A pesar de todo, el 15M ha inspirado cambios de perspectivas de una parte del mundo libertario y ha abierto debates clave que evidenciaba la necesidad de superar el autoconsumo, lo estético y las dinámicas informales, endogámicos y vivenciales, dando el salto hacia un anarquismo político capaz de influir en los acontecimientos de la sociedad siendo un actor político. No se puede entender el anarquismo social sin la influencia del 15M, puesto que tanto las tendencias más ortodoxas y desactualizadas (basadas en los mitos del ‘36 y la CNT del exilio) como el insurreccionalismo de los ‘90-’00 han fracasado, y parte de esta militancia e individualidades han pasado a una línea más de intervención social y pro-organización a nivel político. Hoy en día, el legado del 15M ha sido el impulso del movimiento por la vivienda principalmente, muchas experiencias de lucha de las personas que han ocupado las plazas y esta ampliación de cosmovisiones que han permitido interpretar el anarquismo como opción política capaz de producir cambios reales en la sociedad.
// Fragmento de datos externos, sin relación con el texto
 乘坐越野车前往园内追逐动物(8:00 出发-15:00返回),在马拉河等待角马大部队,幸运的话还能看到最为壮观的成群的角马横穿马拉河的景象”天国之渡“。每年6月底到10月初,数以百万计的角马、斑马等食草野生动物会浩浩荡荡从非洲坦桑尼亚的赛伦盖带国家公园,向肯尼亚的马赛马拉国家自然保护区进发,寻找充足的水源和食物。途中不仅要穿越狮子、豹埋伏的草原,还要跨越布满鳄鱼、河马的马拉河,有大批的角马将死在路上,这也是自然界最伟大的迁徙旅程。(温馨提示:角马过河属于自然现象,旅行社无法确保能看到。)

Reivindicar esta memoria como un acontecimiento popular de la historia contemporánea es clave para poder transmitir las experiencias, conocimientos y aprendizajes de esta etapa, defendiendo su autonomía como movimiento de mases que, aunque sea imperfecto, ha sido determinante para el desarrollo de los movimientos sociales en la actualidad. Ahora nos vemos ante nuevos ciclos políticos con escenarios complicados y una conflictividad social creciente a escala mundial, bajo la amenaza del cambio climático. Por ello es el momento de prepararnos. Para que no nos pillen desorganizadas y podamos ser capaces de activar y catalizar las luchas sociales hacia un proyecto político revolucionario en clave socialista libertario.